I would sell the Hells Bay in a heartbeat! Might buy a new motor for my skiff with the cash, but I definitely would still fish my boat. It's funny cause last year my wife and I had this very discussion while looking at one raffled off by the CCA. Again, I like the boats, I just don't see why they are so much money, and would rather invest my funds elsewhere. To each their own.


----------



## Beavertail

> I suppose it is all about the brand, and they have done a great job of promoting it. I still maintain that one day their values will come dramatically and rapidly down. Look at most other premium brands, no one stays on top in a competitive market place for very long in modern times.
> 
> (Just as an example we were doing an inspection of a new Mercedes dealership a few months ago, the prices were shocking to me, shockingly low. I remember back in the day when a used lower model still ran pretty high. Brand new cars for $31k, and their smaller SUV was $36k. You can barely touch a toyota or honda for those prices.
> 
> 
> 
> 
> Guys, if you won a completely restored classic Whipray in a contest, would you sell it and keep the money and continue to fish the boat you already have?  Or, would you keep it, get rid of your old boat and fish the hell out of your new Whipray?
> 
> 
> 
> I would sell the Hells Bay in a heartbeat! Might buy a new motor for my skiff with the cash, but I definitely would still fish my boat. It's funny cause last year my wife and I had this very discussion while looking at one raffled off by the CCA. Again, I like the boats, I just don't see why they are so much money, and would rather invest my funds elsewhere. To each their own.
Click to expand...


HOW SHALLOW DO YOU FISH?
DO YOU POLE YOUR SKIFF ?
DO YOU HAVE A REAL SKIFF?
DO YOU FISH ARTIFICIAL BAIT?
DO YOU FLY FISH ON YOUR SKIFF?
HOW QUIET IS YOUR SKIFF?
DO YOU SIGHT FISH?

REASON FOR THE QUESTIONS IS THAT"S WHAT I NEED MY SKIFF TO PROVIDE FOR ME.
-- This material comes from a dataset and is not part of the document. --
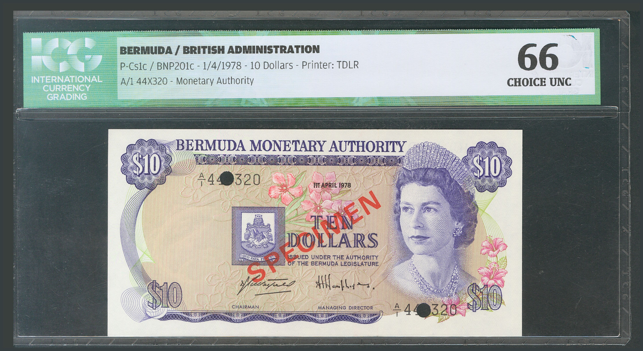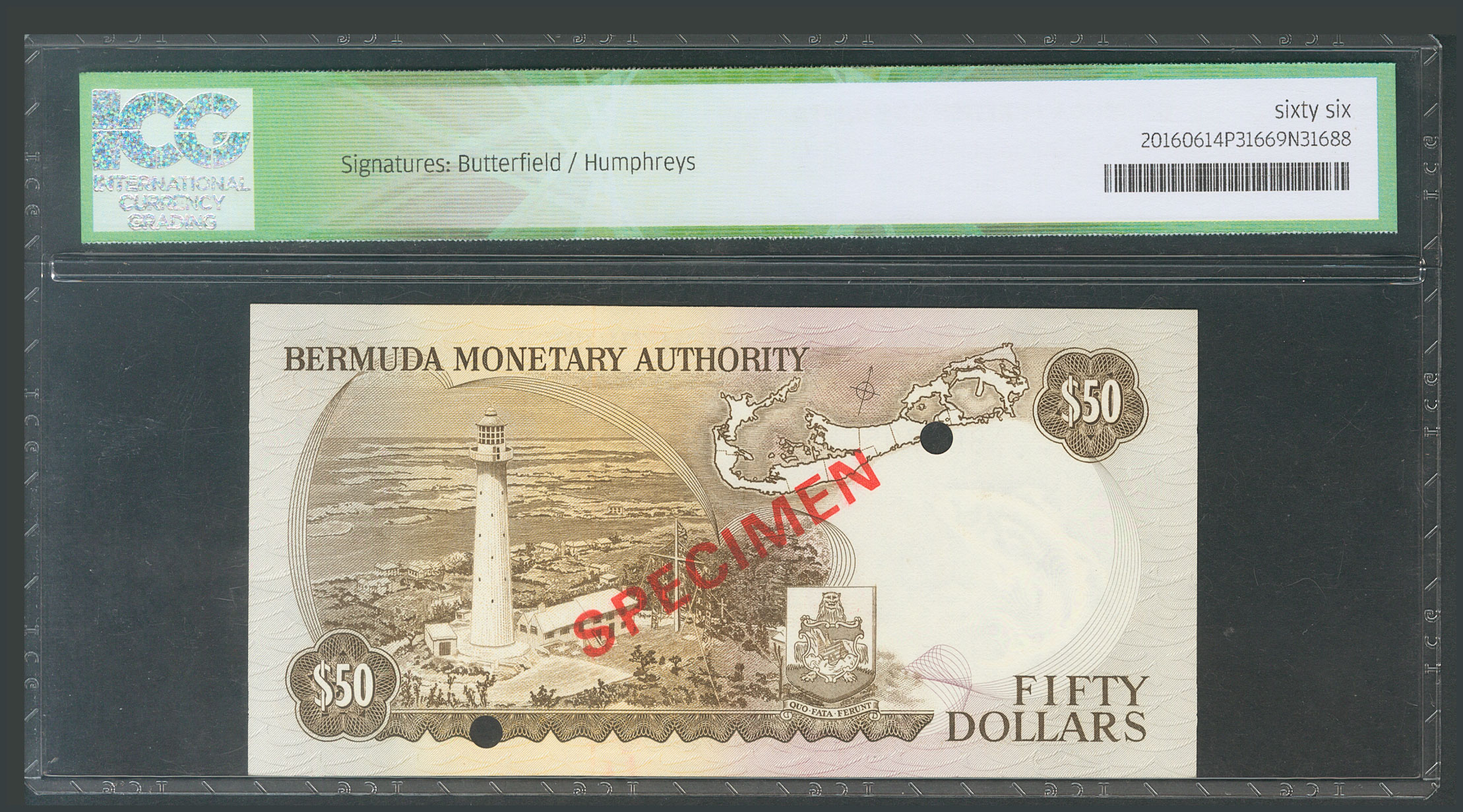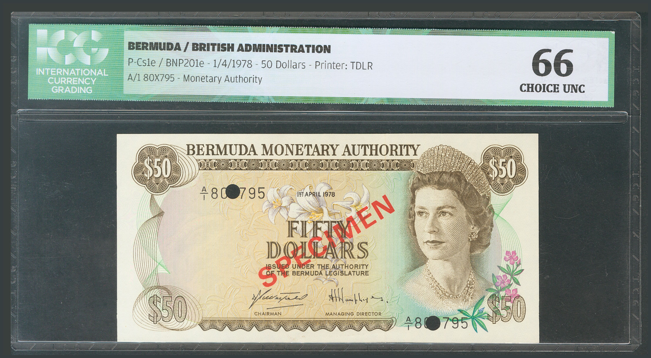 BERMUDA. 1 to 100 dollars. (1978ca). Bermuda Monetary Author. Specimen. (Pick: 28/33s). ICG60, 66, 66, 63, 66, 63.

NO OFFENSE BUT THEY ARE 100'S DIFFERENT CARS MODELS AND MAYBE 10 GOOD SKIFF COMPANY FOR MY OPINION  YOU ARE VERY WRONG ABOUT THE WHOLE CAR VALUE SCENARIO.
PLUS EVERY ONE NEEDS A CAR FOR THEIR DAILY LIFE. NOT EVERY ONE FISHES IN THE FLATS


----------



## firecat1981

It's a light-hearted discussion, no need to yell. As far as your questions go:

HOW SHALLOW DO YOU FISH? 
Anywhere from 6" to 30ft and everywhere in between

DO YOU POLE YOUR SKIFF ?
Yes, but honestly I prefer to drift the flats.

DO YOU HAVE A REAL SKIFF?
Yes Sir I do, designed and built her myself and she does me proud

DO YOU FISH ARTIFICIAL BAIT?
Yes, I do fish arti's and live bait too.

DO YOU FLY FISH ON YOUR SKIFF?
Nope, I have friends that do on occasion, but it's not really for me.

HOW QUIET IS YOUR SKIFF?
She's pretty stealthy, but really I don't even think it matters much as I've been able to sneak up on reds in a jon boat.

DO YOU SIGHT FISH?
Yes when I'm fishing very skinny waters.

Tell me how I am wrong? No one needs a luxury car, a cheap Honda will get you the same places a Bentley will. just like no one needs a luxury skiff or boat. Things hold premium value as long as there isn't much market competition, and we are starting to see many more options. Even if there are only 10 good skiff companies, well that's 9 more then there were in the past.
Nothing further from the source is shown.